The U.S. Department of Education on Friday said it’s canceling nearly $5 billion in federal student loan debt owed by some 73,600 borrowers, a majority of whom are public servants.

The announcement marks the the latest effort by the Biden administration to target specific groups of federal student loan borrowers by tweaking and expanding rules under existing relief programs, after the U.S. Supreme Court shot down its broader and more expensive debt cancellation plan.

Of those 73,600 beneficiaries announced on Friday, 43,900 are receiving $3.2 billion in student loan discharge through Public Service Loan Forgiveness, a program that erases outstanding student loan balances for those working in public service jobs like teachers, nurses, or police officers once they have made 10 years of qualifying payments.

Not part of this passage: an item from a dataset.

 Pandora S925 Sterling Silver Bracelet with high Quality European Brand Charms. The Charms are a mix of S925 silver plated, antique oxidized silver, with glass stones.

In 2021, the Biden administration overhauled the Loan Forgiveness program, allowing hundreds of thousands of borrowers to get additional credit toward the final discharge.

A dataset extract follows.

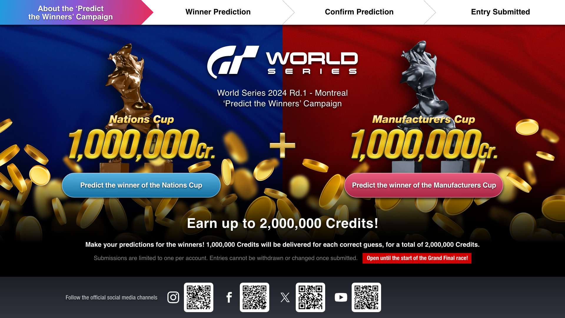 在此活动中,玩家只要正确预测本轮比赛中“车厂杯”和“国家杯”的优胜者,就能赢得游戏内货币奖励。正确预测一场赛事将获得100万货币奖励。如果成功预测全部两项赛事的优胜者,将总计获得200万货币。
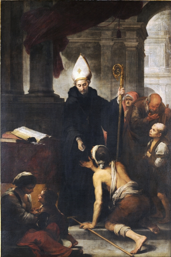 Ο Santo Tomás de Villanueva, ο πίνακας που ο ζωγράφος ονόμασε “καμβά του”, που αρχικά βρισκότανε στο 1ο παρεκκλήσι στα δεξιά, αποτελεί παράδειγμα του βαθμού δεξιοτεχνίας που πέτυχε ο ζωγράφος σ’ αυτή τη σειρά. Ο Tomás de Villanueva, αν κι Αυγουστινιανός κι όχι Φραγκισκανός, είχε πρόσφατα αγιοποιηθεί από τον Αλέξανδρο Ζ’ κι ως αρχιεπίσκοπος της Βαλένθια είχε ξεχωρίσει για το πνεύμα ελεημοσύνης του, που ο Murillo τονίζει τοποθετώντας τον περιτριγυρισμένο από ζητιάνους που τους βοηθά δίπλα σε τραπέζι με ανοιχτό βιβλίο, που ‘χει εγκαταλείψει, να δηλώσει με αυτόν τον τρόπο ότι η θεολογική επιστήμη Χωρίς φιλανθρωπία δεν είναι τίποτα. Η σκηνή διαδραματίζεται σ’ εσωτερικό με νηφάλια κλασσική αρχιτεκτονική κι αξιοσημείωτο βάθος που χαρακτηρίζεται από την εναλλαγή φωτισμένων και σκιασμένων χώρων. Μνημειώδης κίονας στο μεσαίο επίπεδο ενάντια στο φως δημιουργεί φωτεινό φωτοστέφανο γύρω από το κεφάλι του αγίου, που το ύψος αυξάνεται από τον ανάπηρο ζητιάνο που γονατίζει μπρος του, με μελετημένη συντόμευση της γυμνής πλάτης του. Οι αντίθετες ψυχολογίες των ζητιάνων που διασώζονται φαίνονται εξίσου μελετημένες, από τον καμπουριασμένο γέρο που φέρνει το χέρι του στα μάτια του, με μια χειρονομία έκπληξης ή δυσπιστίας, τη γριά που κοιτά με σκυθρωπή όψη και το χρωματισμένο αγόρι που περιμένει παρακαλώντας, μέχρι το παιδί που στη κάτω αριστερή γωνία του καμβά και τονίζεται στο φως, δείχνει στη μητέρα του με λαμπρή χαρά τα νομίσματα που ‘χει λάβει.

The other $1.7 billion is going to 29,700 people currently enrolled in income-driven repayment plans. Under such a plan, the amount of monthly payment is adjusted based on the borrower’s income and family size, and the borrower may be eligible to have any remaining debt wiped out after a certain amount of time in repayment, typically after 20 years for those with undergraduate student loans and 25 years for those with graduate school loans.

According to the Education Department, those 29,700 borrowers have been in repayment for at least 20 years and have earned their eventual debt relief, but have not received it because loan servicers failed to “accurately account” for their payments.

Including Friday’s relief, the Biden administration has so far approved the cancellation of over $136 billion in student loan debt for more than 3.7 million people.

“Today we are helping borrowers who were promised help with their loans, planned their lives around those promises, and earned forgiveness through years of payments,” U.S. Under Secretary of Education James Kvaal said in a statement, promising to help “all of those harmed by the broken student loan system.”